RF Filters Theory

Low-Pass Filters

• Low-pass filters are filters that block high frequencies and let lower frequencies pass. RF filters theory for low-pass filters calls for filter circuits that have a capacitor connected across the load. High frequencies pass through the capacitor while lower frequencies pass on to the load. Adding resistors and additional capacitors tunes the circuit to approximate the theoretical curve that the function of the filter requires. Adding an inductance in series with the load further blocks high frequencies.

High-Pass Filters

• Filters that pass high frequencies on to the load use the same characteristics of capacitors and inductances as low-pass filters. A capacitor in series with the load blocks low frequencies while an inductance across the load passes the low frequencies to ground.

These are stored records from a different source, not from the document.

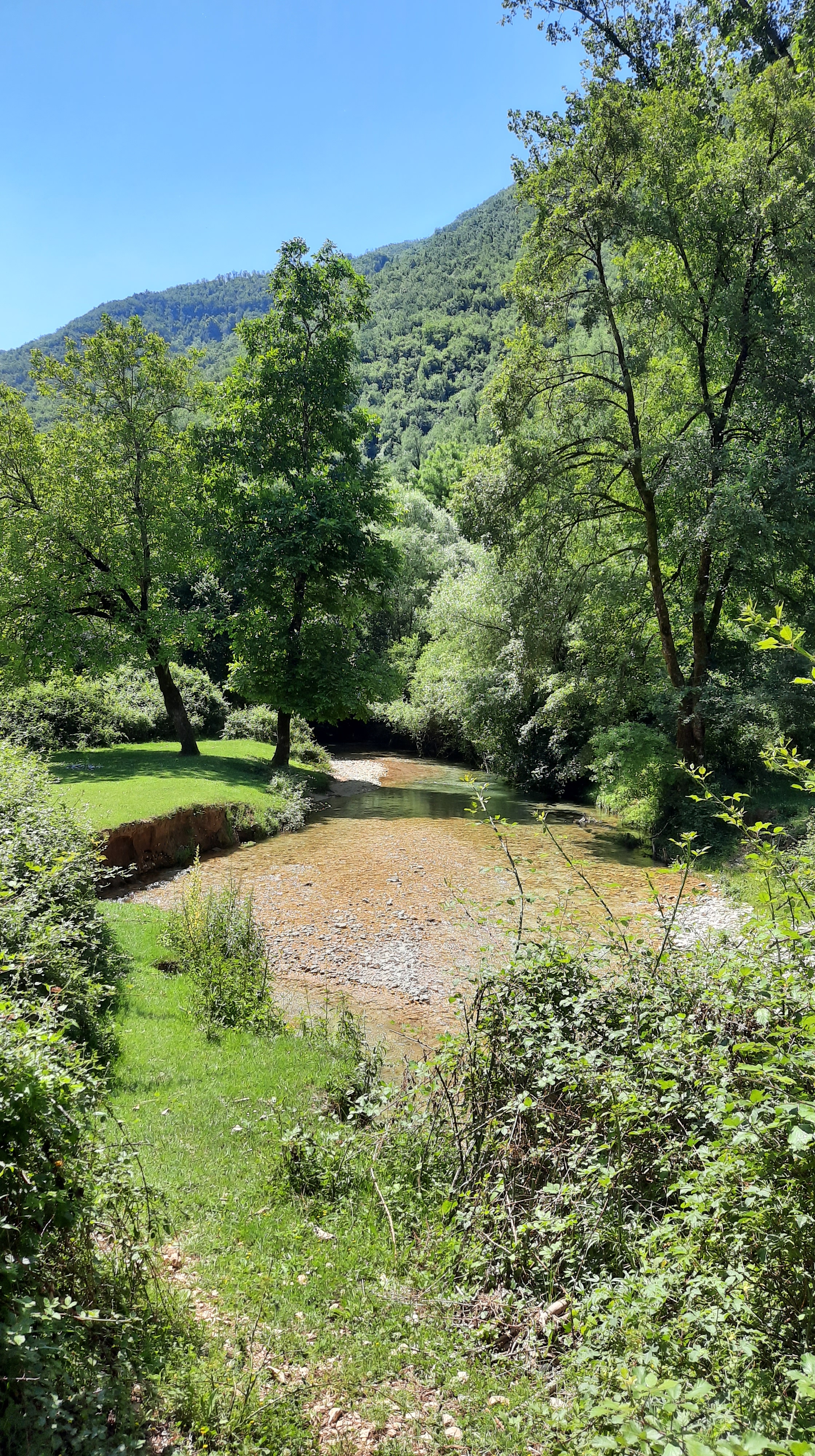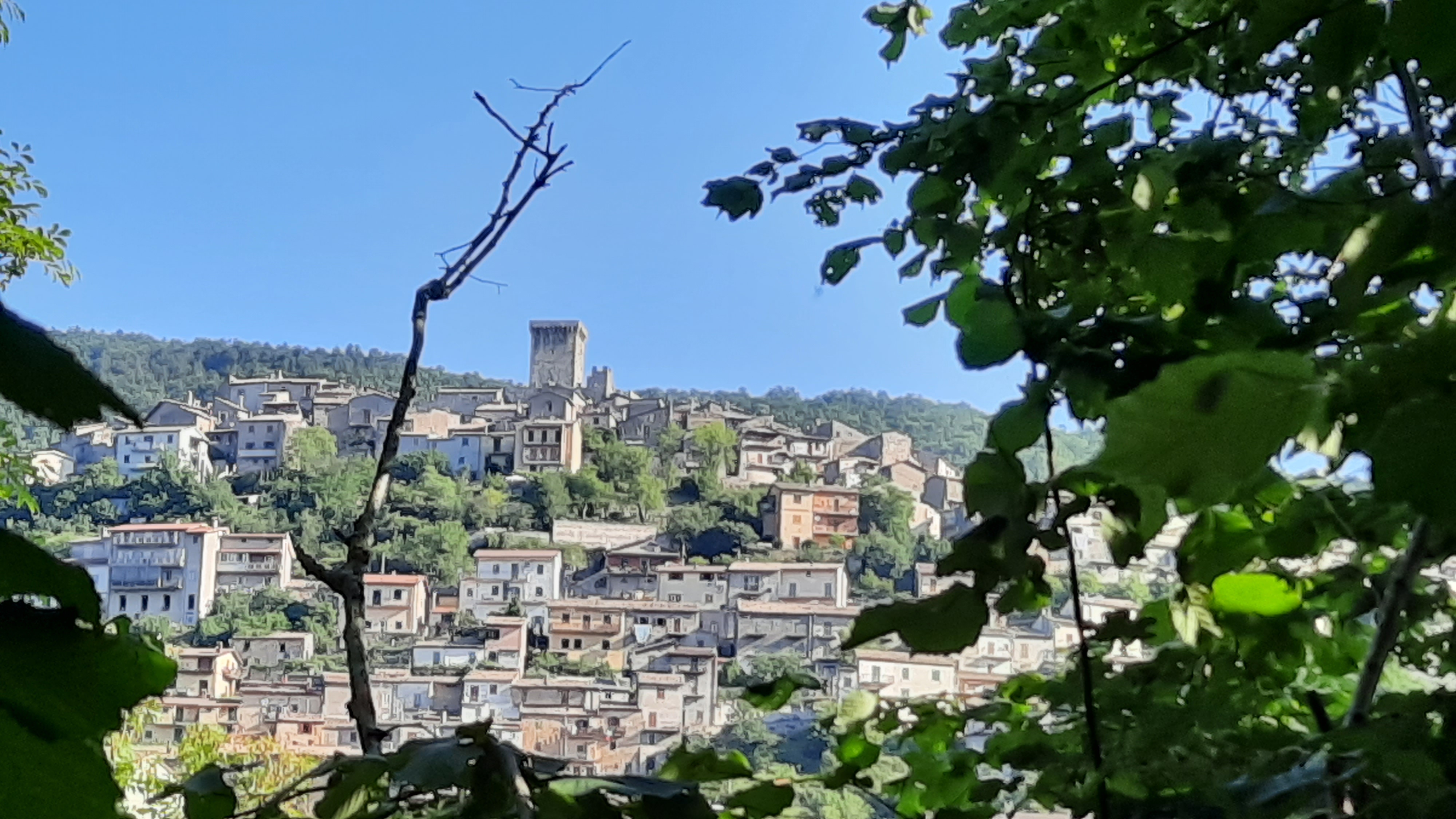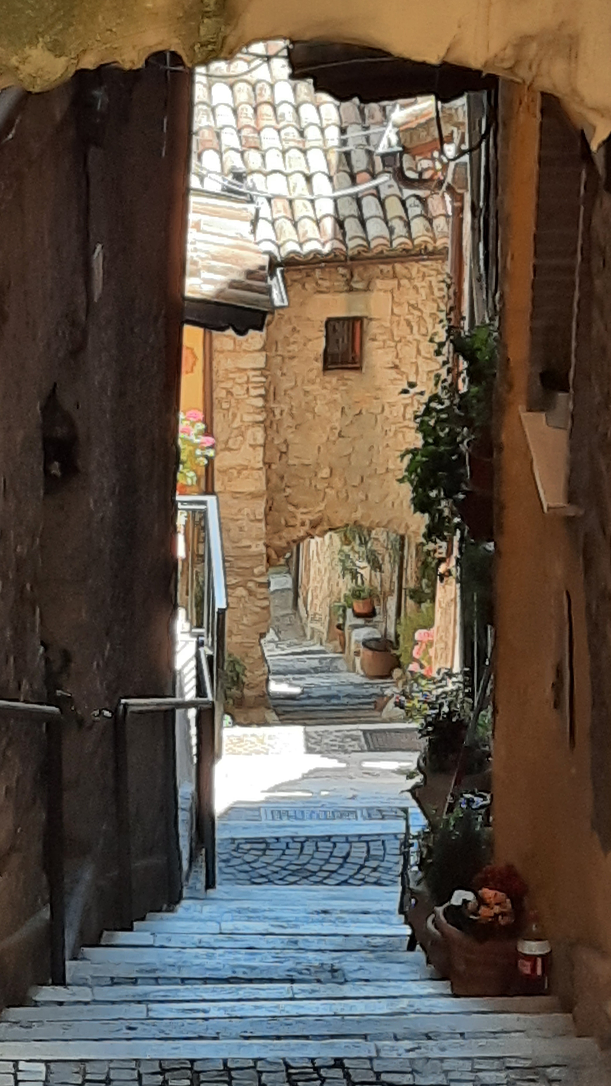 Subito dopo la cascata quando in teoria mancherebbero solo 6 km a Trevi, iniziano i dolori. A parte un paio di km da fare sulla carrozzabile, il resto del sentiero appare incolto e sommerso dai rovi, attraversando campi e con notevoli dislivelli da superare. Il caldo è asfissiante e finalmente arriviamo a Trevi, tipico paesotto sparso sul cocuzzolo dove per andare da A a B Devi sempre e comunque fare almeno 100 m di salita. Sono stanchissimo e appena arrivato all’alloggio per la notte mi appisolo, mentre Oscar riesce a trovare le forze per visitare il centro storico in compagnia di Luisa, la nostra giovane hospitalera che è anche professoressa di latino e greco al liceo classico di Anagni.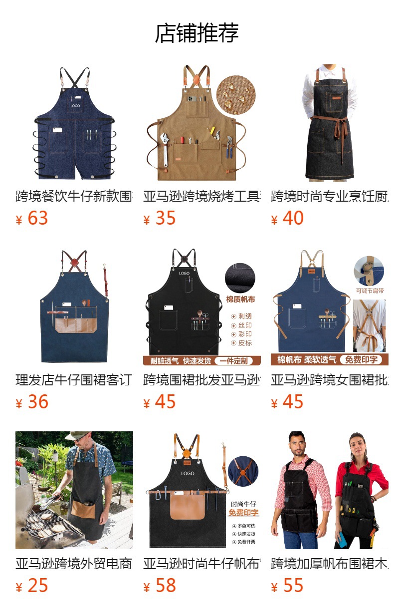 アマゾンクロスボーダーキャンバスエプロン綿オーダーメードロゴカフェ理髪師作業服エプロンメーカー卸売り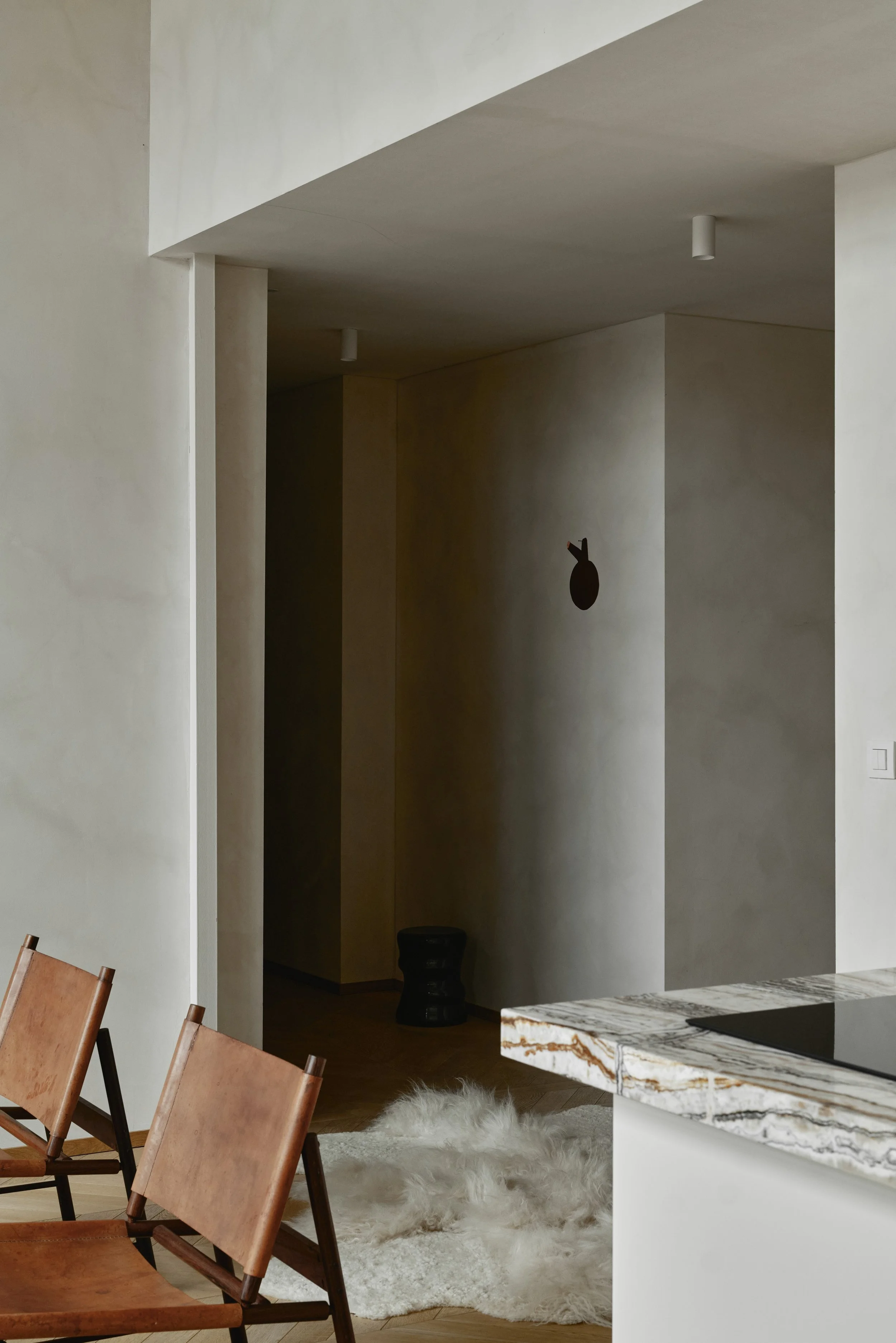Flax Factory Loft is a minimal residence located in Kortrijk, Belgium, designed by Leire & Deklerck. Spanning 140 square meters, this home epitomizes spacious modern living. The design ethos harmoniously blends industrial elements with a cozy, natural ambiance, achieved through a thoughtful interplay of shapes and materials. Central to the loft’s design is the herringbone pattern in the parquet flooring, which echoes the geometric lines of the trusses that span the residence. This architectural feature adds a distinct character to the space, creating a visual dialogue between traditional and modern design elements. The living area, considered the hub of the loft, is anchored by a kitchen island that stands as a functional and aesthetic focal point. The travertine stone, in a subdued brownish-gray hue, integrates seamlessly into the overall design palette, complementing the industrial backdrop.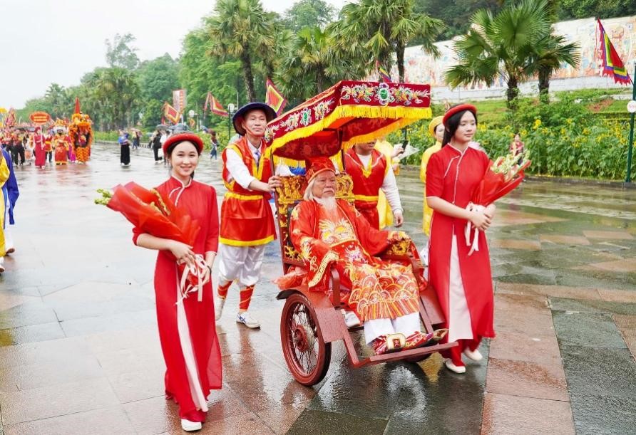 Du khách về Đền Hùng trong dịp Giỗ Tổ Hùng Vương không chỉ được hòa mình trong không gian thành kính trang trọng của lễ rước kiệu, mà còn được hiểu thêm về Tín ngưỡng thờ cúng Hùng Vương, từ đó nhân lên tình yêu quê hương, niềm tự hào về nòi giống “Con Rồng cháu Tiên”.

RF filters theory predicts that the load sees only high frequencies and defines a transfer function or characteristic that describes how much of each frequency can pass through the filter.

Band-Pass Filters

• Many RF applications require filters that pass a particular frequency "F" but not the frequencies higher or lower than "F." These are called band-pass filters and consist of a high-pass and a low-pass filter in series. RF filters theory specifies a low-pass filter that blocks frequencies higher than "F" and a high-pass filter that blocks frequencies lower than "F." Only frequencies equal to "F" can pass through both filters.

Band-Stop Filters

• Some applications need filters that block a particular frequency "F." These are called band-stop filters, and they have high-pass and low-pass filters in parallel. The high-pass filter passes all frequencies above "F" in its branch while the low-pass filter passes frequencies below "F." The frequency equal to "F" can't pass in either branch while frequencies above and below pass through one of the two filters..

Transfer Functions

• In addition to describing how RF filters block certain frequencies, RF filters theory describes how certain named filters transfer frequencies. The Butterworth filter transitions slowly but smoothly from passing to blocking. The Bessel filter transitions even more slowly and smoothly but shows an increasing pass-through characteristic for frequencies in its pass band. The elliptic filter changes from passing to blocking very quickly but has ripples in both the passing and blocking characteristics while the Chebyshev filter transitions less quickly than the elliptic filter and has ripples only in the pass-band characteristic.